Thursday, September 16, 2010

a trip to the doctor.

*disclaimer: my English has gotten bad. My sister tells me this in our gchat conversations. That's not English, Lisa, she tells me. Oh yeah, I reply. But the strange thing is that it's not like my Fijian is improving all that much. Mysterious, I know, and perhaps another conversation for another time.

And so it begins. One simple trip to the hospital, and I return x-rayed and fine, but having learned so much more than why my foot hurts.

My feet are flat (thanks DAD), and apparently walking miles upon miles in Chacos aren't good for them. But there are so many rivers to cross! Running shoes are just impractical. So after several months of the same pain in the same place, I decided to get it checked out.

So I go to the hospital in Suva, which i have never been to before. Actually, I haven't been to a hospital since I was getting the last bits of my medical clearance taken care of back in America for my Peace Corps application. I walk inside, and, my God, it's like I've been transported somewhere else. It is so clean i could make a sandwich on the tiles I am standing upon. The lights! The shiny bins! The organization and order! The absolute lack of chaos! Everything in its right place. And that is just the beginning.

i get really cold in the waiting room. The air conditioning is so uncomfortable and unnecessary. I wait, wait, wait, and then remember, oh yes, I'm still in Fiji, because there is plenty waiting. But I am too distracted looking at people walking in straight lines and making directed, calculated movements that I don't care. There are manicured and meticulous parents wearing logos from Fijian companies sitting next to their groomed and well-behaved children who occasionally cough and flail in their seats. Everyone is wearing shoes, and polished shoes, at that. One Indo-Fijian female doctor keeps walking past with the clickety clack of heels. Heels! I stare, I smile, and I look down at my own calloused brown feet with splatters of white paint from a mural project we are doing at the school.
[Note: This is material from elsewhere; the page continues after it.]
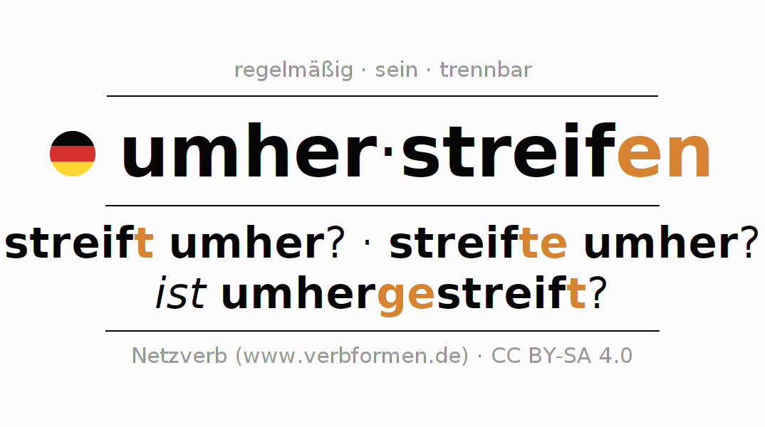 - Präsens: streif(e) (du) umher, streifen wir umher, streift (ihr) umher, streifen Sie umher

I am slowly learning what stepping away from 16 months of rapid change, so rapid new limbs practically sprout overnight, feels like. In the thick of it, one day blends into the next and life just seems normal, static, ho hum. But when you're removed from it, taken out of your familiar surroundings and plopped into a new place, you get it. I was starting to slowly get it. Finally, my name is called.

I walk into the x-ray room and the whirring of the machine, the faint light emanating from its center, the sheer monstrosity of that piece of science sitting in that dark room, are all so remarkable I want to just stand and gaze. I may as well have been looking at a spaceship. But then I remember I need to walk up to the machine so that I can get my x-ray. I get to step closer! I actually get to sit on the thing!
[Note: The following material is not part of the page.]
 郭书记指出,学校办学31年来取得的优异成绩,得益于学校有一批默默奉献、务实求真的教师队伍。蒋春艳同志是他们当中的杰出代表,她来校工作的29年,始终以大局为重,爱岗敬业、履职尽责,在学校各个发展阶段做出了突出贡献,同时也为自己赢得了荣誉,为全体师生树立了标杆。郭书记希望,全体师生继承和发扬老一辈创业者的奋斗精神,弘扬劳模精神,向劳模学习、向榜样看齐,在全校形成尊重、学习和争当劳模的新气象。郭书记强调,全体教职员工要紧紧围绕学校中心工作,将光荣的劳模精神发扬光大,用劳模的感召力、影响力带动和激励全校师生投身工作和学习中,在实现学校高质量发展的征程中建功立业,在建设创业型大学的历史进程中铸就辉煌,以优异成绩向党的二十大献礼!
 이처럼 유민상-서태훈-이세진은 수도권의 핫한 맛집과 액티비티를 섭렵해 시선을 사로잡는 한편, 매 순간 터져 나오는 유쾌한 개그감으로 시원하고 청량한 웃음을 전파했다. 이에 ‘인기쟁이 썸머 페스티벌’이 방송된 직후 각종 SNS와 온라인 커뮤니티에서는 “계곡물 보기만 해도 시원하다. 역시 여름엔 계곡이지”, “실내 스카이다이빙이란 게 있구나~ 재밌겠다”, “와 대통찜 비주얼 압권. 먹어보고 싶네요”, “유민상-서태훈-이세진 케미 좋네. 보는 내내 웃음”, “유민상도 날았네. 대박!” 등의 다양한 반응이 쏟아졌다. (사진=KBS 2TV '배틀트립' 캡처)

We take pictures of my foot, and I put back on my Chacos that have caused all this mess in the first place. I go back to sit in my chair, and this time I take a seat next to the television, the moving pictures with sounds. I watch advertisements that I recognize from the radio, but now have faces and movement to go along with them. I didn't realize there was local news in Fiji, but it reminds me of action 7 news or the like from Albuquerque. Local people, talking about sports and weather and happenings. How fun.

I see the doctor, he tells me my foot is not broken (I had an idea that was the case) but that there is a tendon issue there, perhaps. As he pokes and prods my foot I am suddenly embarrassed by how weathered and beaten my feet look. Against the cool white tile, away from the hard village ground and brown woven mats, they look foreign and strange. Are these really my feet?
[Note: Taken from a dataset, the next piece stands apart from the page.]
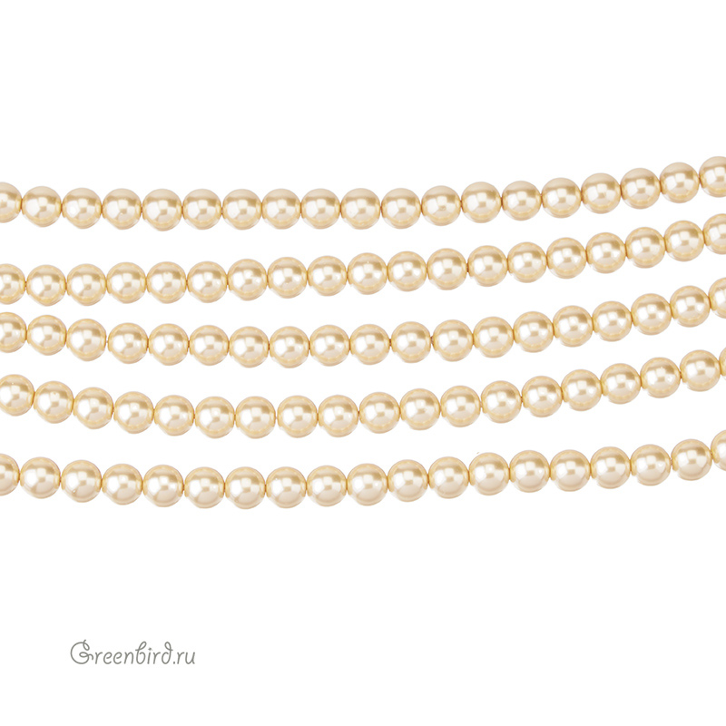 Жемчуг Crystalbird, круглой формы. Материал: стеклянная бусина-основа, покрытая цветным слоем. Размер: примерно 6 мм, отверстие: 0,8 мм. Цвет: Light Gold (#33). Цена указана за нить 38-39 см.

I get back to the waiting room and wait to reconcile the bill (thanks America!). I want to stay longer, just to observe this new amazing place, but I go, because I am meeting a friend, and I need food, and wow, had 2.5 hours really just gone by? I remember hospitals in America, and I think of my dad, who gets to work inside one every day. How fascinating.

Isa. A sneak peek at how hard readjustment is going to be. Or, how exciting? Like seeing with new eyeballs? We shall see.